> [Entries provided]:
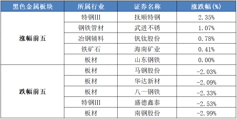 12月14日,沪深300上涨0.23%,黑色金属板块中冶钢原料、特钢Ⅱ和普钢涨幅分别为-0.27%、-0.41%和-1.40%,均跑输大盘。黑色金属板块涨幅前五的公司有抚顺特钢(2.35%)、武进不锈(1.07%)、钒钛股份(0.78%)、海南矿业(0.41%)和山东钢铁(0.00%);跌幅前五的公司分别是马钢股份(-2.03%)、华达新材(-2.09%)、八一钢铁(-2.33%)、盛德鑫泰(-2.53%)和南钢股份(-2.99%)。
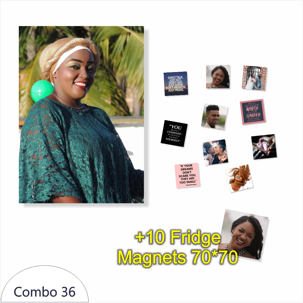 (1 x A3 canvas plus 10 x 70x70mm fridge Magnets)
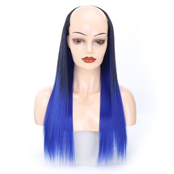 Peluca de pelo liso largo realista mate americano europeo gorra en forma de U 360 sin costuras media peluca gorra alta sin pegamento tamaño pequeño
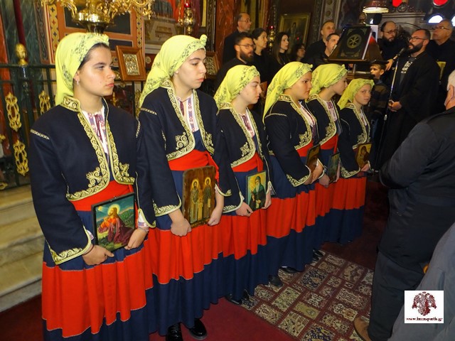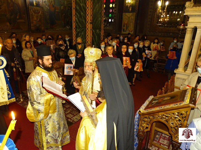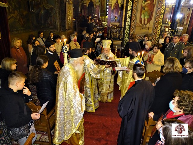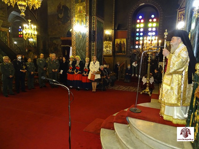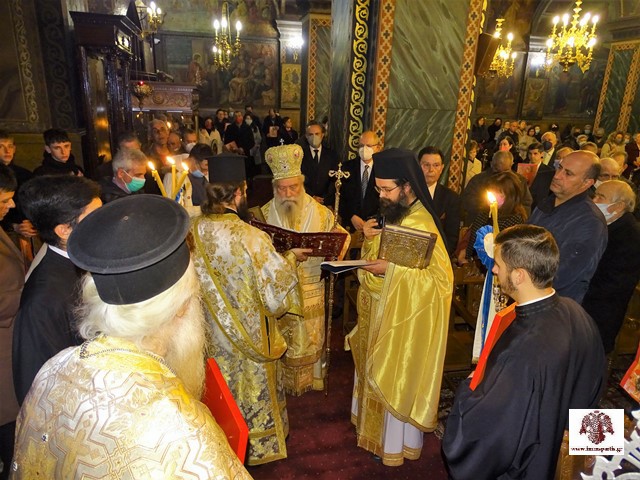 Πριν την ολοκλήρωση της λατρευτικής σύναξης, τελέστηκε, σε συγκινησιακό κλίμα, επιμνημόσυνη δέηση για τα θύματα της ανείπωτης τραγωδίας στα Τέμπη.
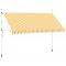 Auvent rétractable manuel 400 cm Rayures oranges et blanchesCet auvent rétractable sera idéal devant la fenêtre, sur la terrasse, le balcon ou dans votre jardin. Cet auvent hydrofuge et antisalissure et résistant aux UV et aux intempéries est fabriqué en polyester de haute qualité avec un revêtement de PU. Le cadre fort en acier rend l'auvent robuste et durable. L'auvent en polyester facile à nettoyer peut être retiré et lavé. Ce produit peut non seulement être utilisé comme auvent normal, mais aussi pour couvrir complètement la fenêtre. Grâce à la manivelle de la poignée, ce store est rétractable. La manivelle pour monter et descendre le store peut être montée à gauche ou à droite. La hauteur et l'angle du store peuvent également être ajustés. L'assemblage est simple. Cet auvent est le choix idéal pour votre espace de vie extérieur et peut être actionné manuellement.
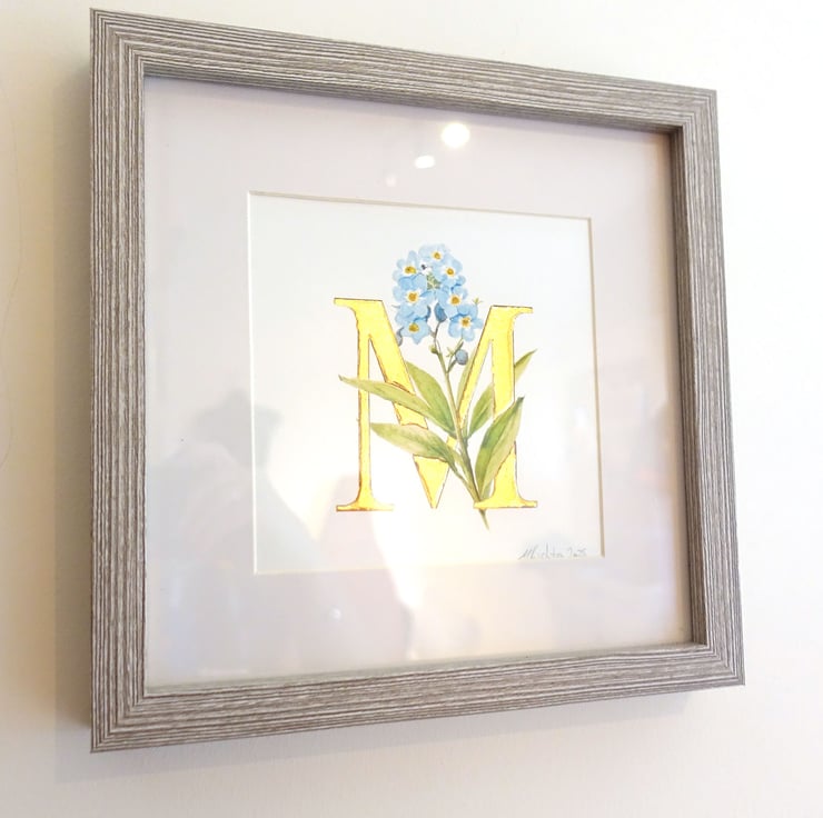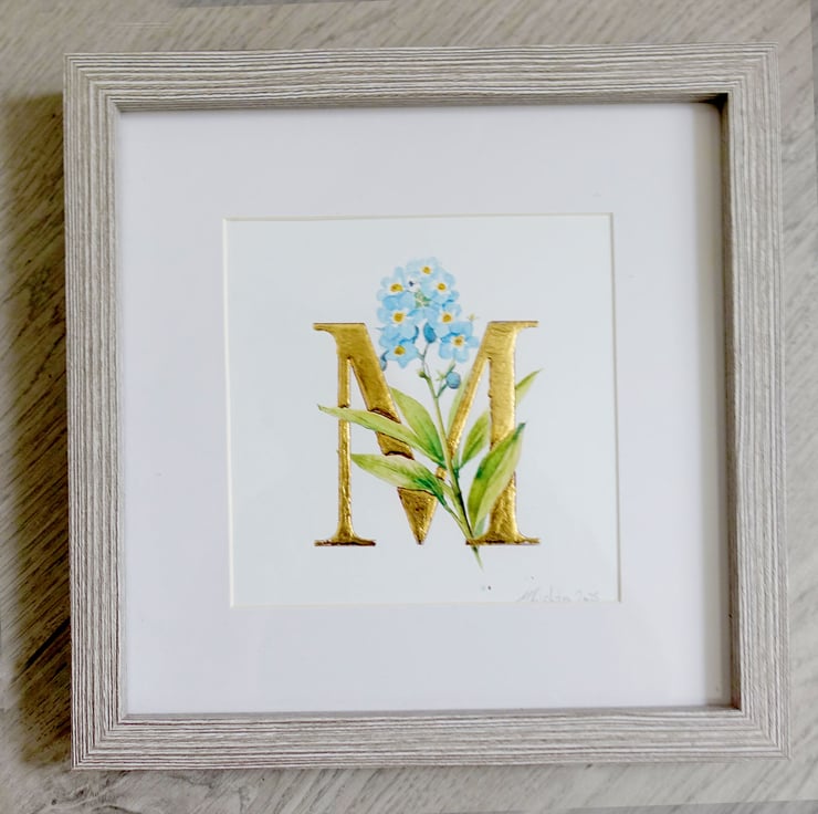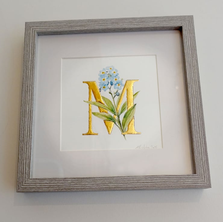 Original watercolour forgetmenots entwined around a letter M wrought in pure 24 carat gold leaf.

> [How to complete this task]: Please copy the lines above exactly, starting at the line that holds "Peluca de pelo" and ending at the line that holds "Πριν την ολοκλήρωση"; include both, but no pictures.

> [Exercise response]:
 Peluca de pelo liso largo realista mate americano europeo gorra en forma de U 360 sin costuras media peluca gorra alta sin pegamento tamaño pequeño
 Πριν την ολοκλήρωση της λατρευτικής σύναξης, τελέστηκε, σε συγκινησιακό κλίμα, επιμνημόσυνη δέηση για τα θύματα της ανείπωτης τραγωδίας στα Τέμπη.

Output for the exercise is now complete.